Herndon tugged the leash gently, bringing the
captive up to them. "Now"—again that note of humor colored his
tone—"do you all think this character such a desperate one?"

 
          
 
A miserable collection of rags was tied over a
small body too thin but still wiry. The high-held head was crowned with an
untamed mop of coarse black hair through which the Apache gave them back stare
for stare. Suddenly Ritchie was ashamed of the way he had handled those matchstick
arms. He dragged off the wool scarf he wore under his coat and pulled it
clumsily around the boy's neck with his unhurt hand. Then he spoke directly to
Herndon.

 
          
 
"Can he march? Those moccasins don't look
very tough—"

 
          
 
"Lord!" The man who had spoken of
varmints laughed cruelly. "The bottoms of his feet are leather.

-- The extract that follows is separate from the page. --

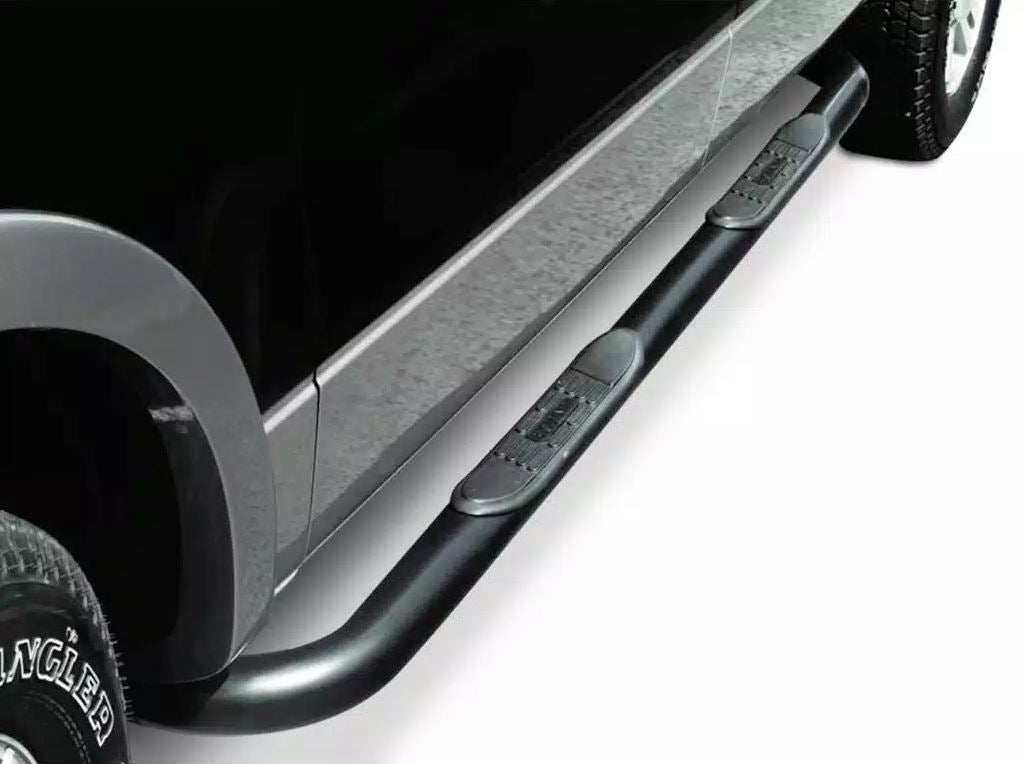 3 Inch Round classic side bars. Custom fit for an extensive list of applications. No drilling required. Manufactured of 3 Inch diameter tubing for cab length applications. Non-slip, black composite step pads. Installation hardware, brackets and instructions provided.
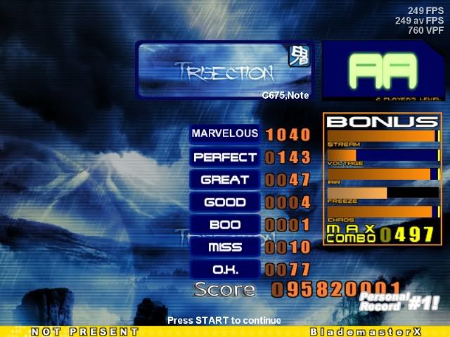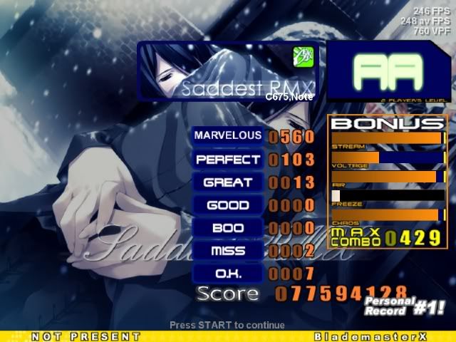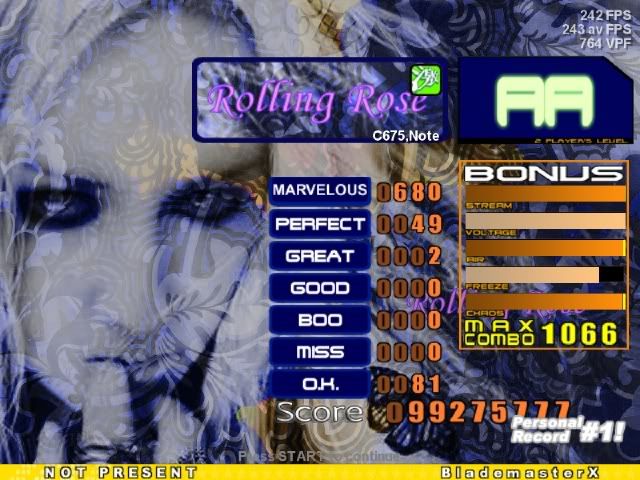 first AA (prolly bad) ![]() Posting solely for cbs... I usually get like mid-70/80s PA. >_> ![]() This probably could have been a FC, but my computer says otherwise ![]() I KNOW this would have been a FC, but my computer says otherwise ![]() Thought it was nice, lagged at a good moment (where I got both greats) ![]() I'm pretty bad at this file so this is a nice score for me (also first AA rofl) ![]() CBs etc ![]()

They ain't
human—the Apaches—they're half-lion, half-bear. He'll march us all out on our
feet—if he has to!"

 
          
 
But the Sergeant had taken a small package out
of the front of his coat and opened it to display a pair of heavy socks and a
second pair of moccasins. He signed the boy to sit, and when the Indian paid no
attention, swept him off his feet and with Tuttle's aid got both socks and
moccasins on him.

 
          
 
"Let's go!" He was on his feet
again. "We'd better reach the horses and be heading out of the mountains
before the storm closes in."

 
          
 
Ritchie glanced up at the mountain peaks
above. The thick curtain of clouds which had hung there most of the morning was
more dense
. And certainly the snow was falling faster;
the fine mist of spinning particles was taking on more weight and substance.